[Exercise description] In the listing below, a line holding "Bracelet en argent" and a line holding "Peters, High Velocity, .35" mark the range. Retype both exactly, with all lines between them.

+++ Information shown +++

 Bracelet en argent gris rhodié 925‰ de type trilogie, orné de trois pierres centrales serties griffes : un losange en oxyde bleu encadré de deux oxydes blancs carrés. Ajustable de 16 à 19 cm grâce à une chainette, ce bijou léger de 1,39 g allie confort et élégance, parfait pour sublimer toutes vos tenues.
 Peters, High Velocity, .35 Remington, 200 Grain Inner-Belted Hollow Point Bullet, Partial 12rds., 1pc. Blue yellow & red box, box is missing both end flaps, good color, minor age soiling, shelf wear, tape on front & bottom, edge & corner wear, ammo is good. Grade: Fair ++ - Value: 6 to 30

+++
+++ Information shown +++

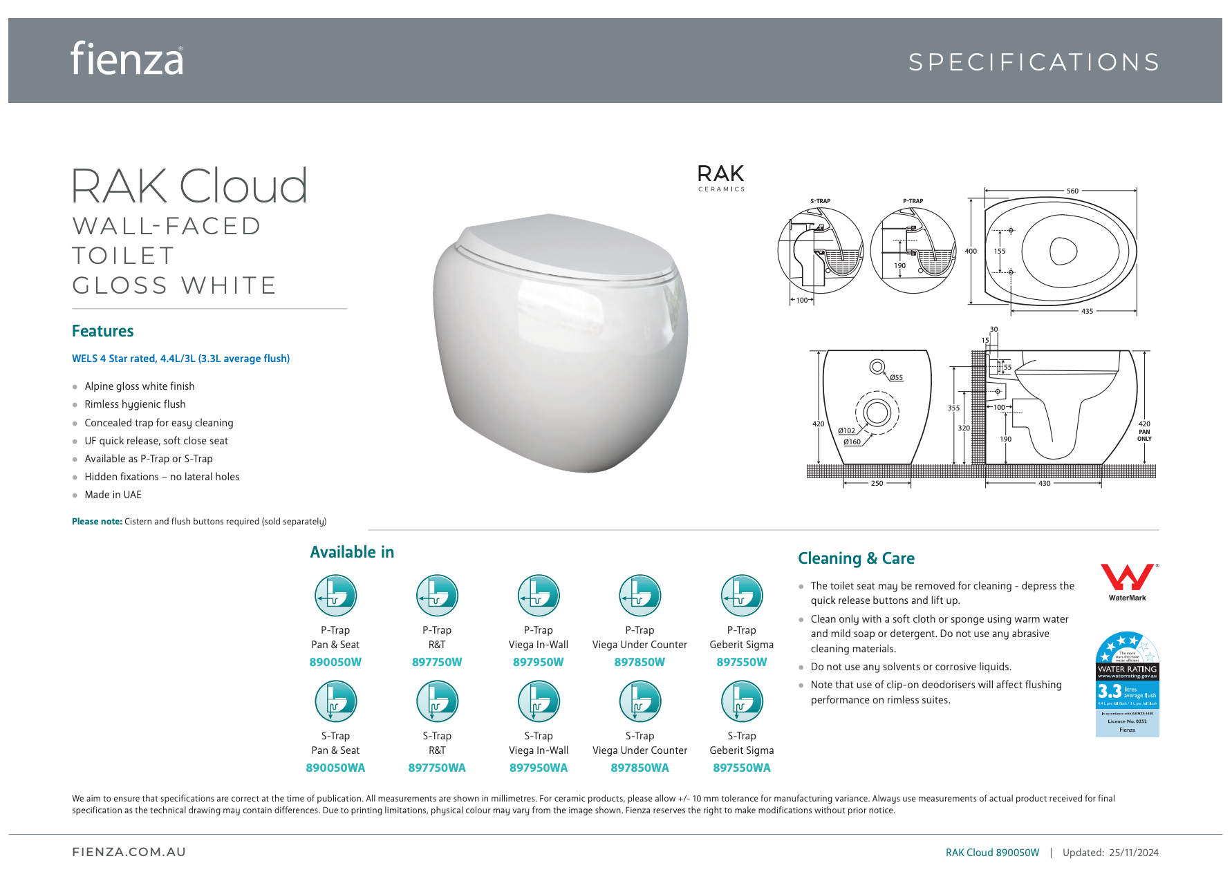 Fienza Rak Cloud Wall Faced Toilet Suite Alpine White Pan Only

+++
+++ Information shown +++

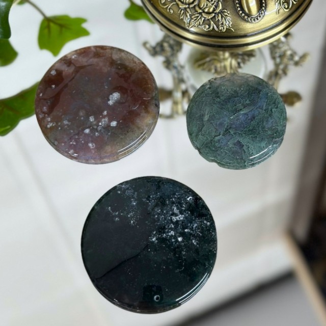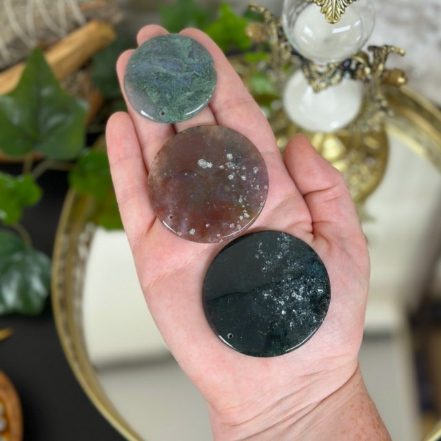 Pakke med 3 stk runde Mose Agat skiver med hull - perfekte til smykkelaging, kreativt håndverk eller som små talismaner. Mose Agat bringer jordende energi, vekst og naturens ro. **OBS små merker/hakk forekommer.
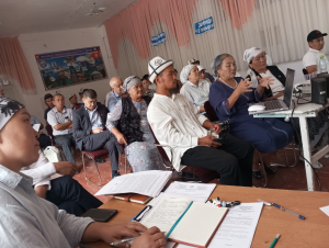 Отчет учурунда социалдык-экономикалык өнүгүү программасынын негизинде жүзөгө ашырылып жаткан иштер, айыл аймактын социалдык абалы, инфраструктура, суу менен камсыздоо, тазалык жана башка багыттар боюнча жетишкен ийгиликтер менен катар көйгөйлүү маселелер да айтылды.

+++

[Result for this task]
 Bracelet en argent gris rhodié 925‰ de type trilogie, orné de trois pierres centrales serties griffes : un losange en oxyde bleu encadré de deux oxydes blancs carrés. Ajustable de 16 à 19 cm grâce à une chainette, ce bijou léger de 1,39 g allie confort et élégance, parfait pour sublimer toutes vos tenues.
 Peters, High Velocity, .35 Remington, 200 Grain Inner-Belted Hollow Point Bullet, Partial 12rds., 1pc. Blue yellow & red box, box is missing both end flaps, good color, minor age soiling, shelf wear, tape on front & bottom, edge & corner wear, ammo is good. Grade: Fair ++ - Value: 6 to 30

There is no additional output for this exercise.